Assignment.
Everything from the line with "Liven up your" to the line with "Kombinované materiály, vnitřní" in the listing below, both lines included, needs to be copied exactly, apart from the pictures.

Given records.
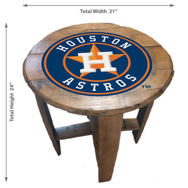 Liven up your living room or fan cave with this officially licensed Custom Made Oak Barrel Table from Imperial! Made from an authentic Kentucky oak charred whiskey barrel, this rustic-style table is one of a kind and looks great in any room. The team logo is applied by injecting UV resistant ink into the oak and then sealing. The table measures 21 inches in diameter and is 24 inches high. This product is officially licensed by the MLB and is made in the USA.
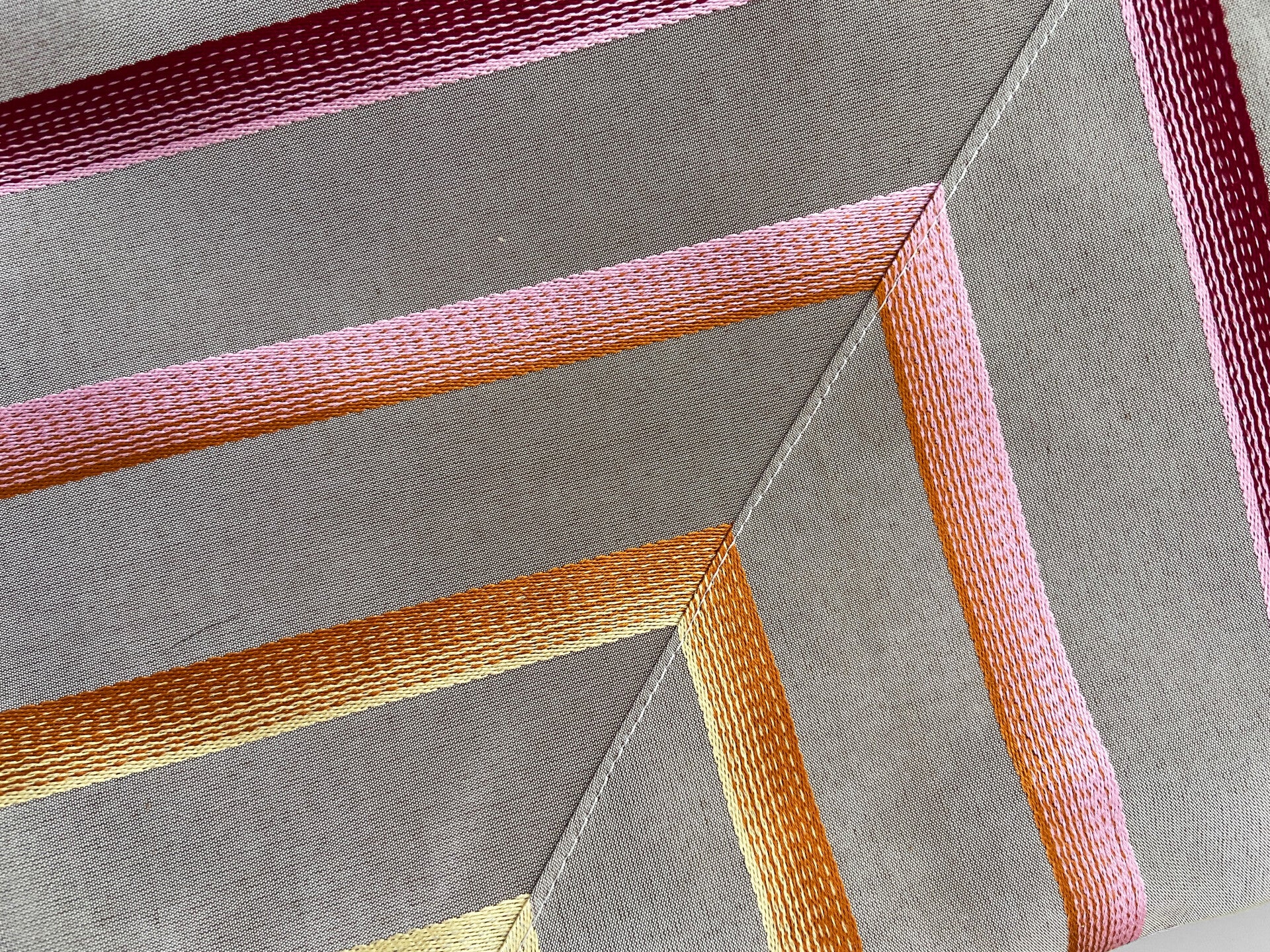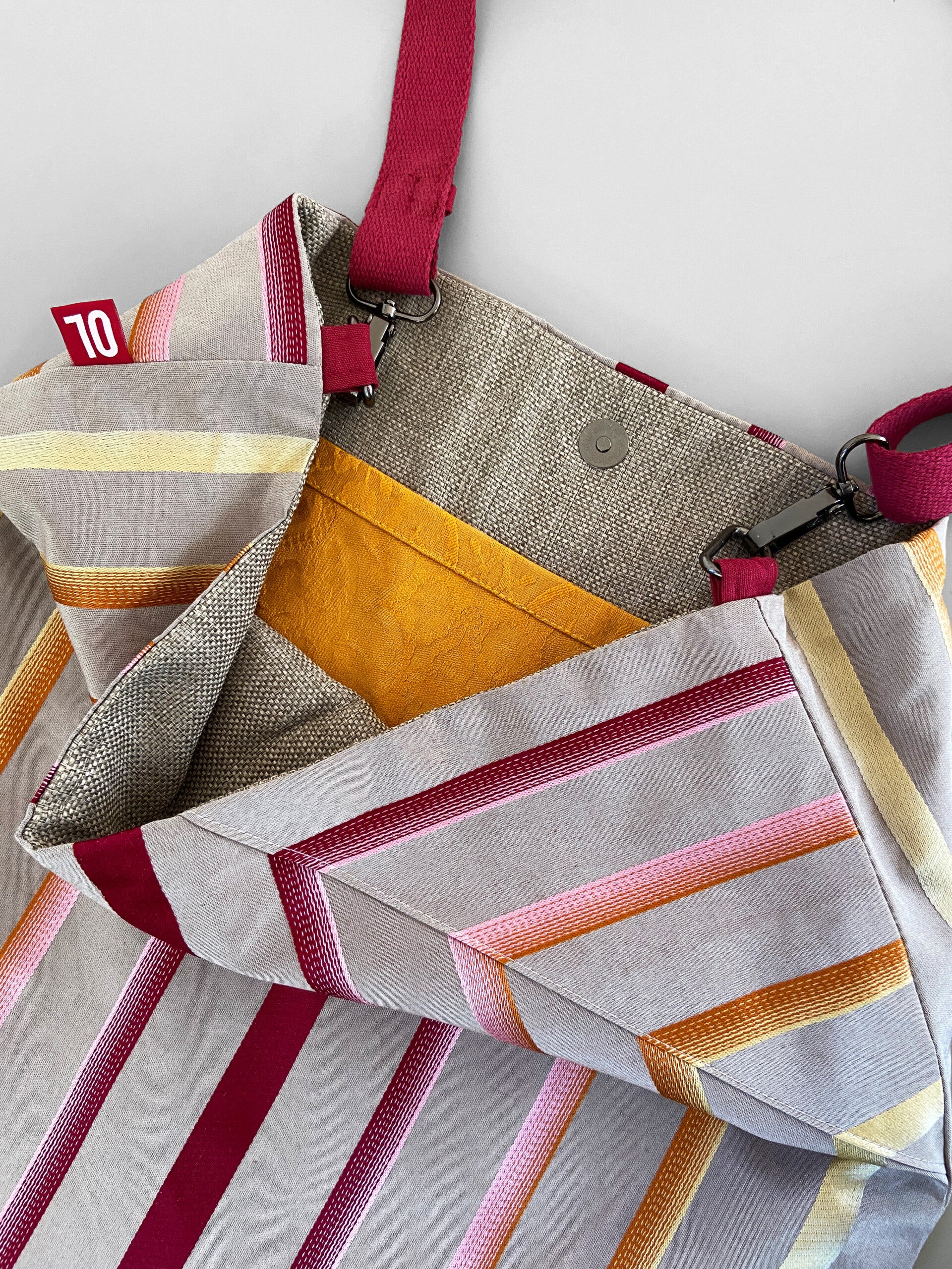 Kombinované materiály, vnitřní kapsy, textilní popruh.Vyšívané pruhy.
---
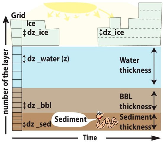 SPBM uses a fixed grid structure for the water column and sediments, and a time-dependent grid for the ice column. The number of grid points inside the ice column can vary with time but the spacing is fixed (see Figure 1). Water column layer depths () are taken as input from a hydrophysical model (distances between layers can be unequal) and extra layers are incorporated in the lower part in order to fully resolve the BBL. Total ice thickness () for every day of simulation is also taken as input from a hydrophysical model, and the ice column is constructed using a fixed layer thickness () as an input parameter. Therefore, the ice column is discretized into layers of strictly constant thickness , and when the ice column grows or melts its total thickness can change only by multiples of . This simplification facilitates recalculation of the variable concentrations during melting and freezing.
==
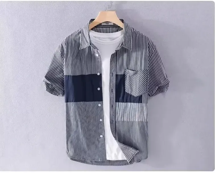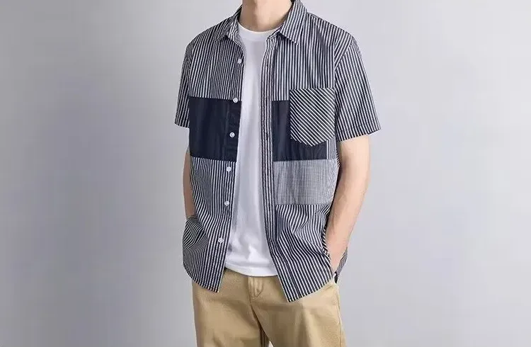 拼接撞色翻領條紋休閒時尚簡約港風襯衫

Output for this exercise.
 Liven up your living room or fan cave with this officially licensed Custom Made Oak Barrel Table from Imperial! Made from an authentic Kentucky oak charred whiskey barrel, this rustic-style table is one of a kind and looks great in any room. The team logo is applied by injecting UV resistant ink into the oak and then sealing. The table measures 21 inches in diameter and is 24 inches high. This product is officially licensed by the MLB and is made in the USA.
 Kombinované materiály, vnitřní kapsy, textilní popruh.Vyšívané pruhy.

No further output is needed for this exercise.